Other compounding pharmacies want in on the money and don’t care about oversight, offering banned and even unsafe compounds. Doctors are the only thing standing between these compounding pharmacies, research peptide distributors, and pharmaceutical companies. We have a responsibility to our patients to navigate these spaces and understand them. And we have an ethical obligation not to prescribe “research chemicals.”
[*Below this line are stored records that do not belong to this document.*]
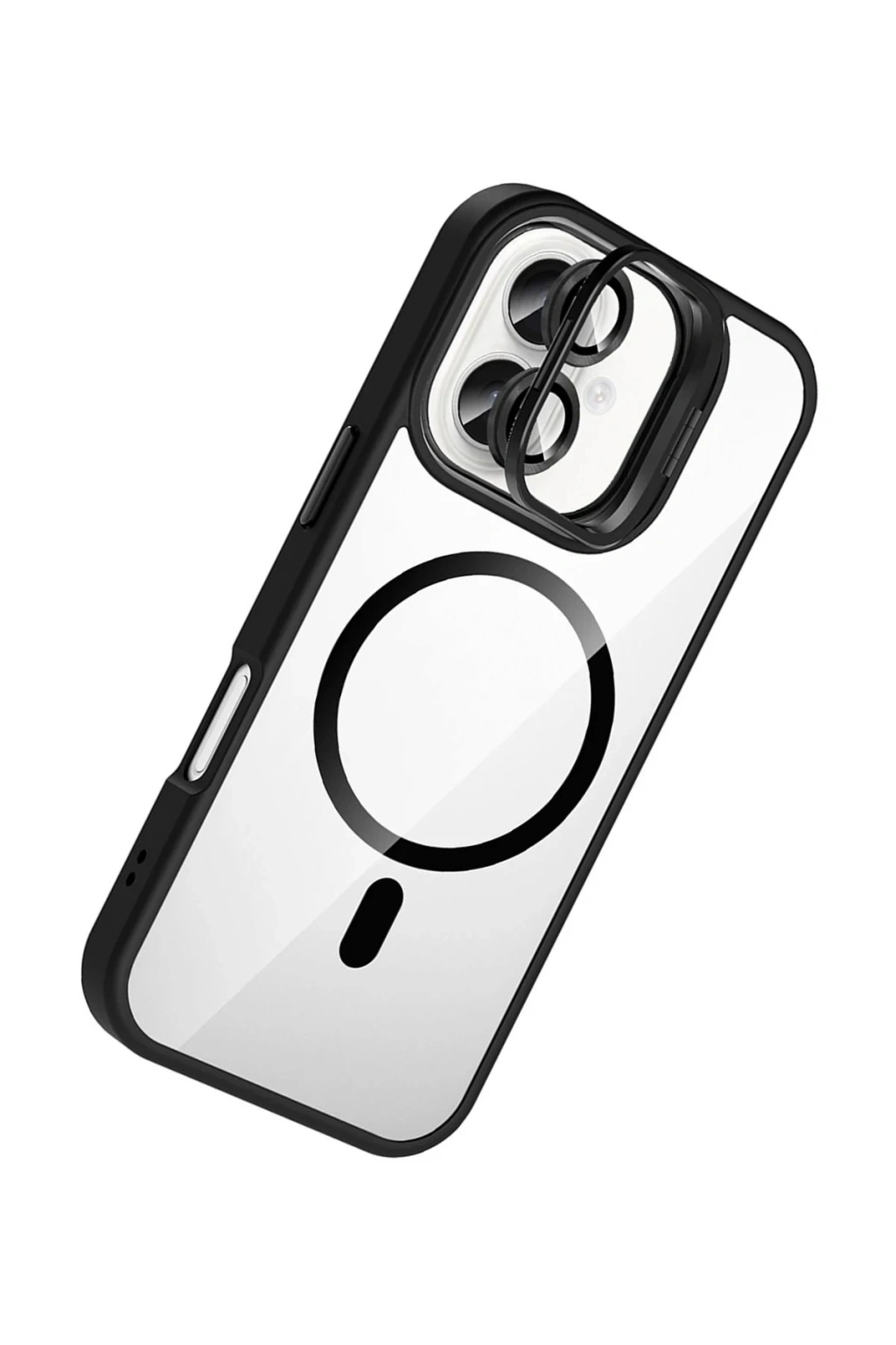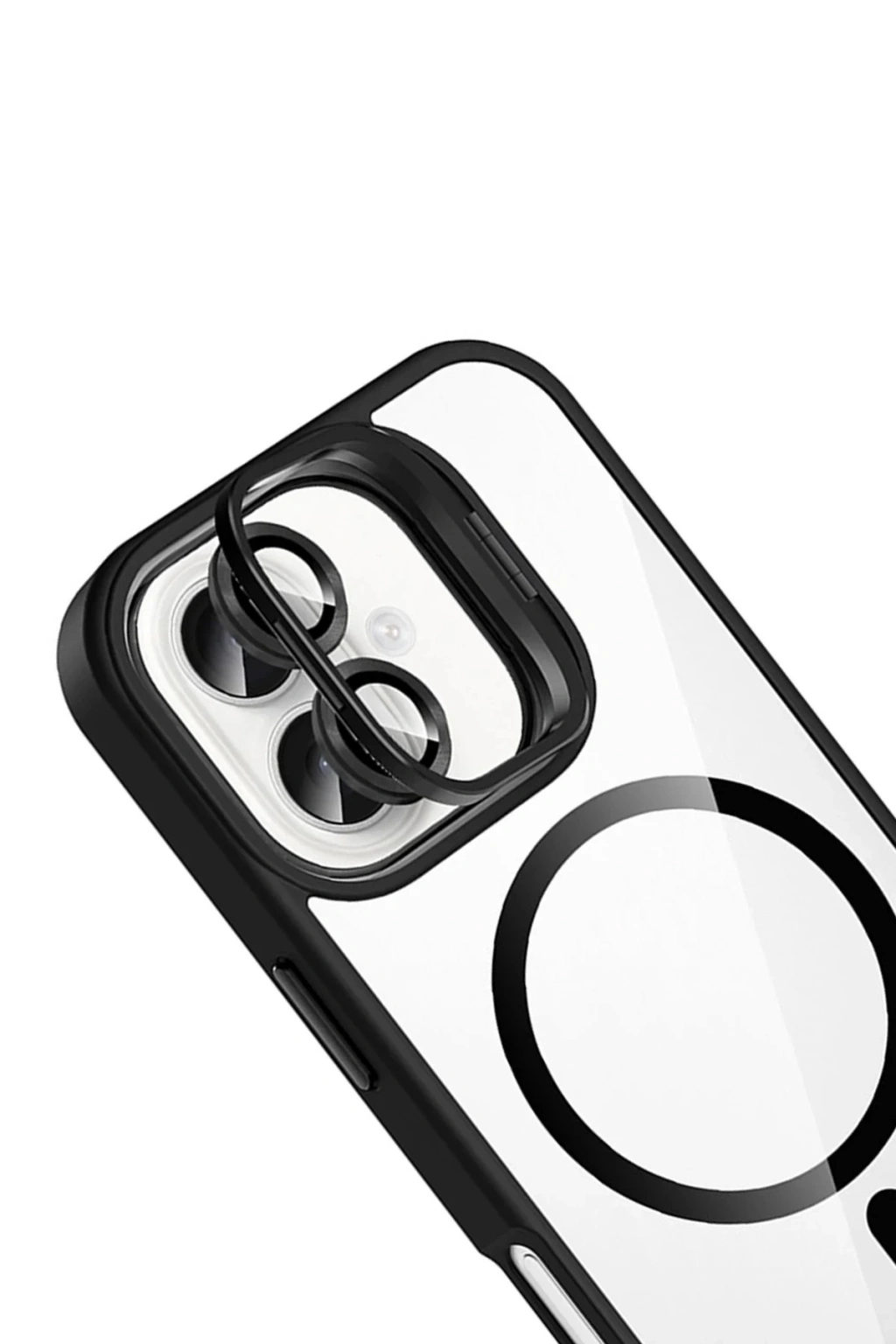 Apple iPhone 16 Plus Remim Lensli Magsafe Standlı Kapak - Siyah
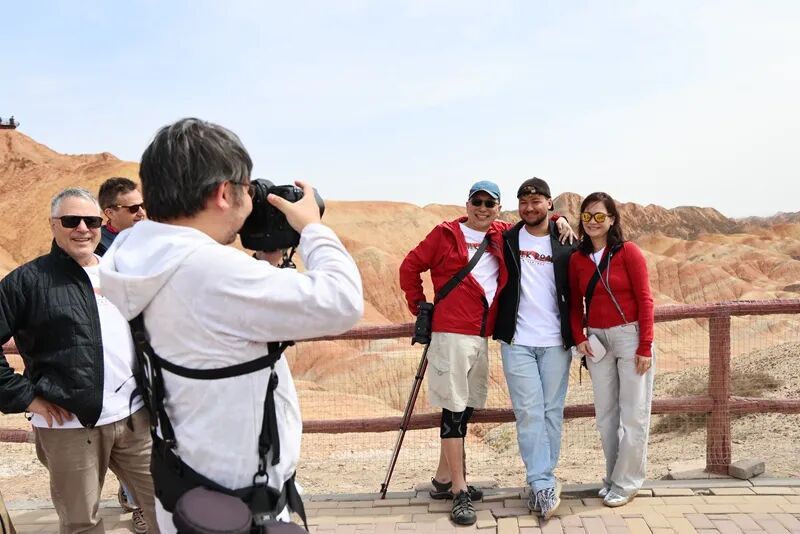张掖七彩丹霞以地貌色彩艳丽、层理交错、气势磅礴、场面壮观而称奇,其色彩之多、观赏性之强、面积之大冠绝全国,是当之无愧的世界级自然遗产,吸引着无数中外游客慕名前来,一睹风采。当日,旅行团的游客们漫步丹霞栈道,近距离观赏色彩交织的地貌奇观,不时驻足拍照、交流赞叹,沉浸式感受大自然的鬼斧神工,赞美之情溢于言表。
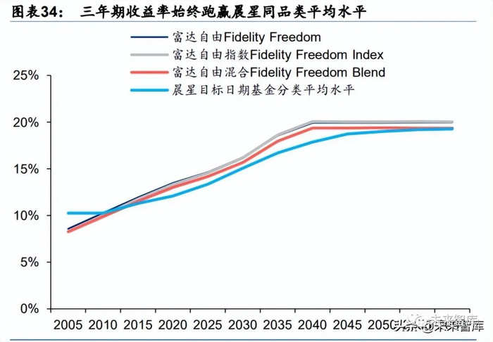 目前,富达自由指数系列投资者级别(无最低购买限额)的费用率仅有 0.12%,机构级别 (最低购买限额 500 万美元)的费用率为 0.08%,与先锋目标退休系列相同,处于行业领 先水平。
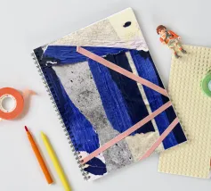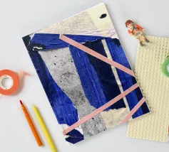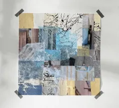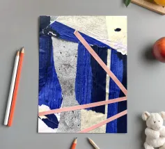 Si tratta di un collage con carta e nastro adesivo colorato. Ho usato il colore acrilico.
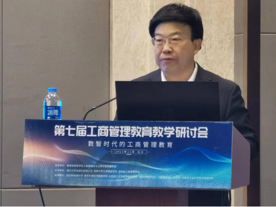 12月16日至17日,鸭脖管理学院李招忠院长、秦陇一副院长、袁仕海助理、廖珍杰助理、索文灏副主任、田宇副主任等六位教师应邀参加了由教育部高等学校工商管理类专业教学指导委员会指导、清华大学出版社和湖南大学工商管理学院联合主办的“第七届工商管理教育教学研讨会——数智时代的工商管理教育”。
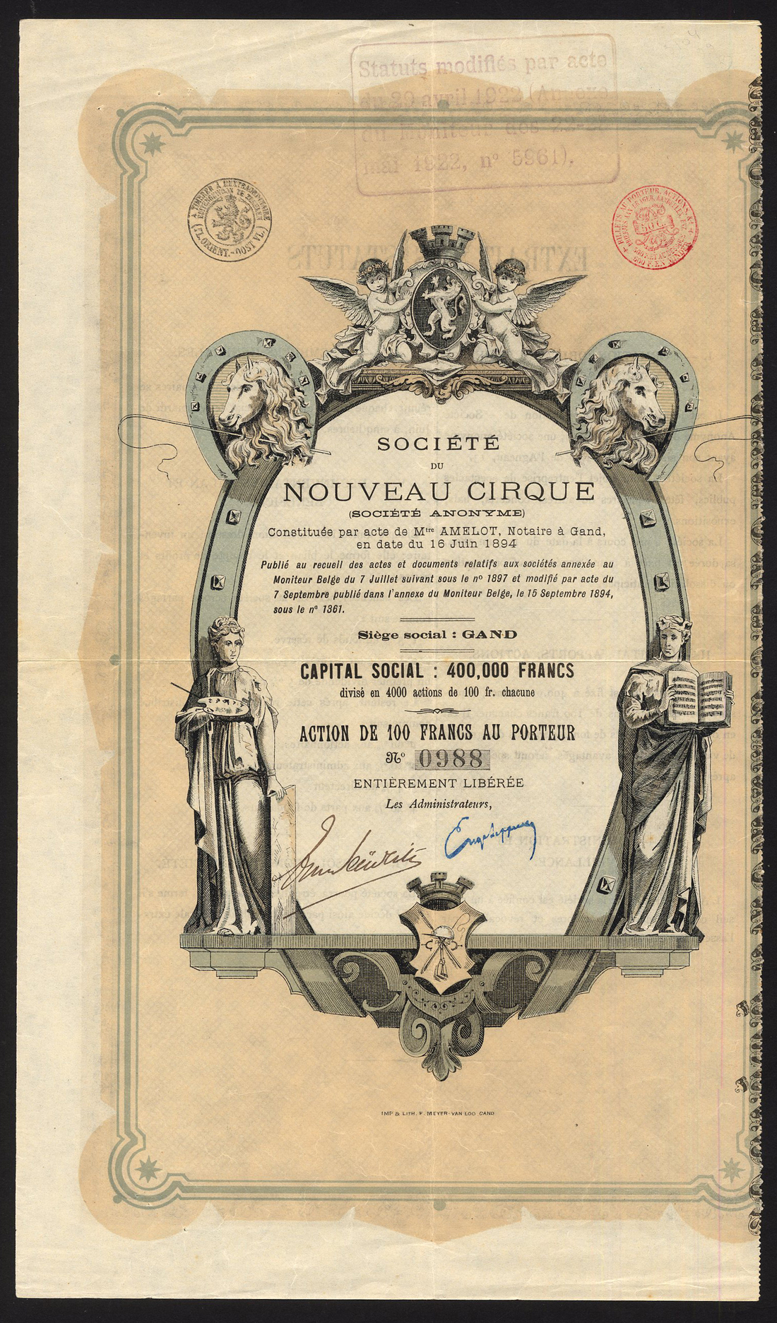 Belgium: Société du Nouveau Cirque, 100 franc share, Belgium 1894, no.0988, ornate 'horseshoe' border including cherubs with shield at top, horse heads to left and right, and allegorical figures at bottom, black, grey and buff, heavy folds, pin holes top left, about very fine.
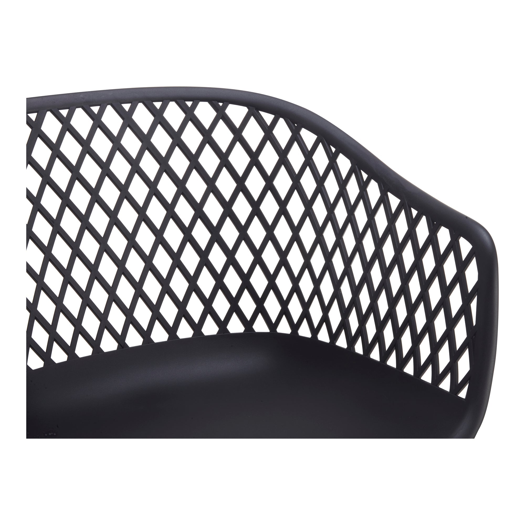 Take a seat in the stylish and comfortable Piazza Chair. Made with a durable polypropylene, this chair comes in several colors that will be sure to complement your outdoor design with its whicker backing and powder coated metal legs
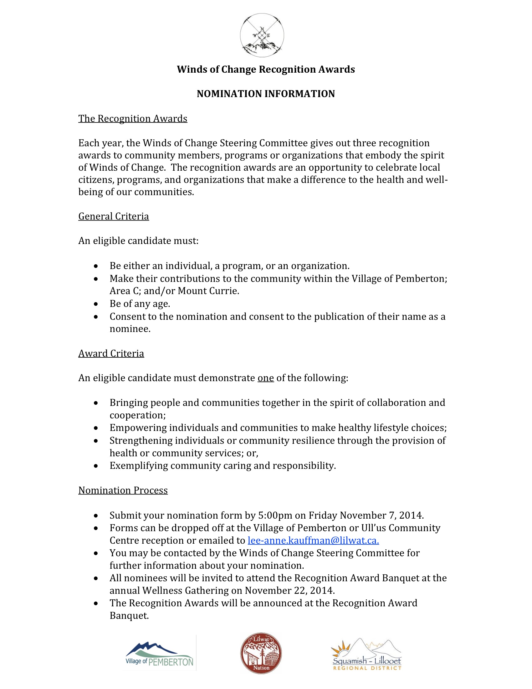 So, who is the Face of Wellness here in our communities? Who embodies the spirit of the Winds of Change? Who is working to make a difference to the health and wellbeing of our communities?

For us, as doctors who care about our patients, the takeaway is not to abandon scientific rigor or regulatory caution, but to recognize the structural and economic biases that determine which therapies advance and which stagnate. The absence of large human trials does not automatically imply inefficacy or danger; it often reflects misalignment with the financial and institutional incentives that currently drive medicine. Understanding this landscape allows physicians to engage peptide therapies thoughtfully, ethically, and with clear eyes about both their potential and their limitations.

We can conduct a risk-benefit discussion with our patients and safely prescribe some peptides, but it’s up to each clinician to decide what to offer, and up to the patient to decide what to take. It is our responsibility to navigate this space cautiously, with consent, in the doctor-patient relationship and within the confines and respect of our state laws and overseeing boards. It is possible, it is safe, and in my opinion, it is the right thing to do, so we can continue to do what we came to this space to do: help our patients truly heal.

Stephanie Phillips is a family physician.